For our interest, however, at once the most important and
revealing point is that in this entire process of the nomination
of `Umar by Abu Bakr, 'Ali was totally ignored and excluded
from the ranks of those the dying Caliph called for
consultation, if consultation it was, and whose support he
tried to secure. In fact, as all of our sources unanimously
report, from all the Companions of the Prophet only two,
'Abd ar-Rahman b. 'Awf and 'Uthman, were selected by Abu
Bakr for consultation and then were entrusted with the
charge of wholehearted support for 'Umar.
16 This in all
probability must have been on the suggestion of 'Umar
himself, who planned to counteract any possible opposition
from the Banu Hashim by appealing to this branch of the
Quraysh. 'Abd ar-Rahman belonged to the Banu Zuhra and
'Uthman to the Banu Umayya, both of which had been
serious rivals of Banu Hashim before Islam. The emergence
of these two Companions was very characteristic in many
ways, especially for the development of the later history of the
caliphate, for they represented the wealthiest circles of the
Muslim community.
17 'Abd ar-Rahman was 'Uthman's
brother-in-law, and the two men could be expected to support
each other. The former also had the wholehearted support of
Sa'd b. Abi Waqqas, a fellow clan member and cousin from
the Banu Zuhra. In this way the direct support and influence
of the most important political elements among the Muhaji-
run were secured to oppose any possible activity from the
Banu Hashim and their partisans in favour of `Ali's candidacy.

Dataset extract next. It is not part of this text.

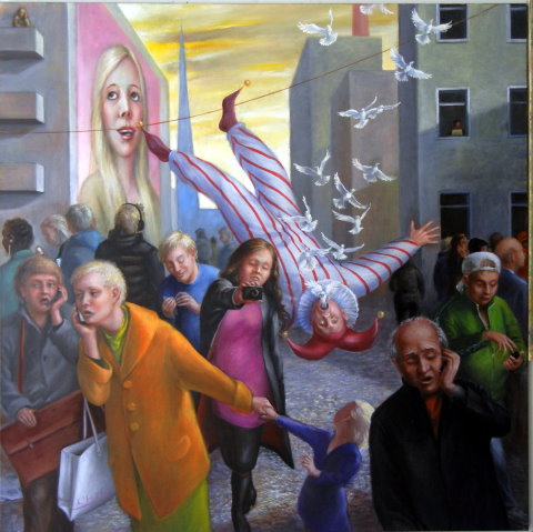 Claudia Hauptmann, Künstlerpech, 2014, Öl und Tempera auf Leinwand, 140 x 140 cm Künstlerpech Das Bild „Künstlerpech“ steht Pate für den Ausstellungstitel und ist eine faszinierende und fesselnde Arbeit. Claudia Hauptmann steht bewußt in der Tradition der ostdeutschen Malerei und erzählt auf unkonventionelle, poetische, verschlüsselte und wiedererkennbare Art und Weise nicht nur die Geschichte vom Künstlerpech des Eulenspiegels, sondern reflektiert die momentane Gesellschaft und deren Wahrnehmungsweise sowie Wirklich- keitsverschiebungen. Künstlerpech ist hier in doppeltem Sinne verankert. Zum einen stürzt der Harlekin vom Seil, auf dem er balancieren wollte, und zum zweiten sieht ihn keiner. Nein, nur das Kind im Vordergrund sieht den Sturz. Alle anderen Figuren realisieren nicht, was um sie herum passiert. Sie sind in einer anderen Realität. Das, was direkt neben, über ihnen passiert, wird nicht wahrgenommen. Die Frau in der Mitte fotografiert aus dem Bild heraus, wodurch eine Rückkopplung zum Betrachter erfolgt. Poetisch, symbolisch und zugleich surreal können die weißen Tauben gelesen werden. Sie verkörpern die ungehörte und ungesehende Botschaft des Künstlers, der nicht nur unterhalten, sondern etwas mitteilen wollte. Das überdimensionierte Werbeplakat an der Häuserwand hinterfragt nicht nur die Flut von Werbung, sondern thematisiert Schönheitsideale und Träume unserer Gesellschaft. Claudia Hauptmann gelingt es, das Jetzt und Gesellschaftliches subtil und zugleich direkt zu zeigen und zusätzlich stehen ihre Bilder natürlich in einem kunsthistorischen Kontext. Der Betrachter kann Motive entziffern, Bildideen entschlüsseln, Zusammenhänge auftun und sich schlichtweg auf eine intellektuelle und sinnliche Anregung einlassen. Neben der technischen und kompositorischen Versiertheit ist dies eine Melange, die man sehr selten antrifft. Diese Malerin beherrscht lässig das Augentäuschende und zeigt ihr Können in der Lebendigkeit, der Sinnlichkeit, der Materialität. Doch noch wichtiger ist, dass sie die Transformation der erlebten Welt in eine erzählerische und ganz individuelle, moderne und zugleich klassische Bildwelt souverän meistert. Claudia Hauptmann malt und zeichnet Akte, Stillleben und Portraits seit ihrem 14ten Lebensjahr. Anfangs in Eisenach im Zeichenzirkel, dann in den 80er Jahren an der Abendschule der HGB in Leipzig, danach im Studium an der Burg Giebichenstein in Halle, wo sie Meisterschülerin bei Gudrun Brüne war. Es ist die siebte Einzelausstellung, die wir mit Claudia Hauptmann bestreiten, und wir freuen uns sehr, dass wir wieder neue Werke und damit die Entwicklung der Künstlerin zeigen können. Sabine Elsner, Leipzig, Oktober 2014 Wir laden sehr herzlich zur Eröffnung am Freitag, 07. November 2014 von 18 bis 22 Uhr in die Galerie ARTAe, Gohliserstraße 3, 1. OG ein. Mehr zu Claudia Hauptmann Galerie ARTAe Gohliser Straße 3 / 1. OG 04105 Leipzig Öffnungszeiten: Mittwoch - Samstag, 15 - 19 Uhr und nach Vereinbarung Haltestelle "Nordplatz / Michaeliskirche" Linie 12 Haltestelle "Chausseehaus" Linie 16 und 11 Showroom Galerie ARTAe Menckestraße 3 04155 Leipzig Öffnungszeiten: Freitag 20 - 22 Uhr, Samstag, 10 - 12 Uhr und nach Vereinbarung  |

'Ali's serious disagreements with the policies of 'Umar in
both political and religious matters will be discussed below in
connection with the selection of 'Uthman. Here it may be
pointed out in passing that during the most active and
eventful ten years of 'Umar's caliphate, in which the most
spectacular conquests of Persian and Byzantine provinces
took place and in which all the prominent Companions of the
Prophet took active part, 'Ali remained uninvolved. Nor did
'Ali hold any office under 'Umar, as had been the case under
Abu Bakr and would continue later under 'Uthman. The
only exception was his being in charge of Medina during
'Umar's journey to Palestine, when he took with him all the
other leading Companions of the Prophet and military
commanders to approve regulations of the conquest and the
Diwan. 'Ali alone was absent from the historic surrender of
Jerusalem and Syria. 'Umar is reported to have strictly
prevented the Banu Hashim from going out of Medina.
18
This is evident from the very fact that neither 'Ali nor any
other member of the Banu Hashim has been reported to have
taken part in any activity outside the capital.

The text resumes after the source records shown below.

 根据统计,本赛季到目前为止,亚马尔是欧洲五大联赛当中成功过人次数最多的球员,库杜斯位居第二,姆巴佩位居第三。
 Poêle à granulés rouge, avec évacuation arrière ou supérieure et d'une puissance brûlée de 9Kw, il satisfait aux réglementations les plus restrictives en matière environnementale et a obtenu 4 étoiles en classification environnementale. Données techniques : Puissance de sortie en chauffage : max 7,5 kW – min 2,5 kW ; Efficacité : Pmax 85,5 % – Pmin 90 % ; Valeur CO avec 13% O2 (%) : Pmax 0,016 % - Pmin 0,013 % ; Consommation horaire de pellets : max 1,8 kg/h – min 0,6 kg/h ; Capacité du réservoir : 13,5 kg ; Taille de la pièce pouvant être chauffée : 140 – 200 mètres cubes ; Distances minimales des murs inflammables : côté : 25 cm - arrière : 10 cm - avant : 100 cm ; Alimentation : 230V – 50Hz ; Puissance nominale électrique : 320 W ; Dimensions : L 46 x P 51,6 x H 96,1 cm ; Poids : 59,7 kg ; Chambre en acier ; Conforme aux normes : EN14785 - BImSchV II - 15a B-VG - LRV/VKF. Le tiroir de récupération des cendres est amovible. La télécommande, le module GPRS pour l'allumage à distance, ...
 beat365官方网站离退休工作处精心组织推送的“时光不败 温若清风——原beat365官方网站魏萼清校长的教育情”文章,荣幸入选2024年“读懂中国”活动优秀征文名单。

'Umar's attitude towards 'Ali is best illustrated by a
dialogue which took place between the former and Ibn
'Abbas. On a certain occasion 'Umar asked Ibn 'Abbas, "Why
did `Ali not join us and co-operate with us? Why did the
Quraysh not support your family while your father is the
uncle and you are the cousin of the Prophet?" "I do not know,"
replied Ibn 'Abbas. "But I know the reason," said 'Umar.
"Because the Quraysh did not like to allow both the
Prophethood and the caliphate to be combined in your house,
for with this you would feel arrogant and rejoice."
19 In
another version, when ~Umar heard some verses of Zuhayr b.
Abi Sulma which described the glory, nobility of descent,
and virtues of the clan of Banu 'Abd Allah b. Ghatfan, he said
to Ibn 'Abbas: "I do not know any other clan among the
Quraysh to whom these verses can be better applied than the
Banu Hashim, because of their relationship and superior
claims to the Prophet, but the people did not like to allow the
Prophethood and the caliphate in your family so that you
would become arrogant and rejoice at it among the people.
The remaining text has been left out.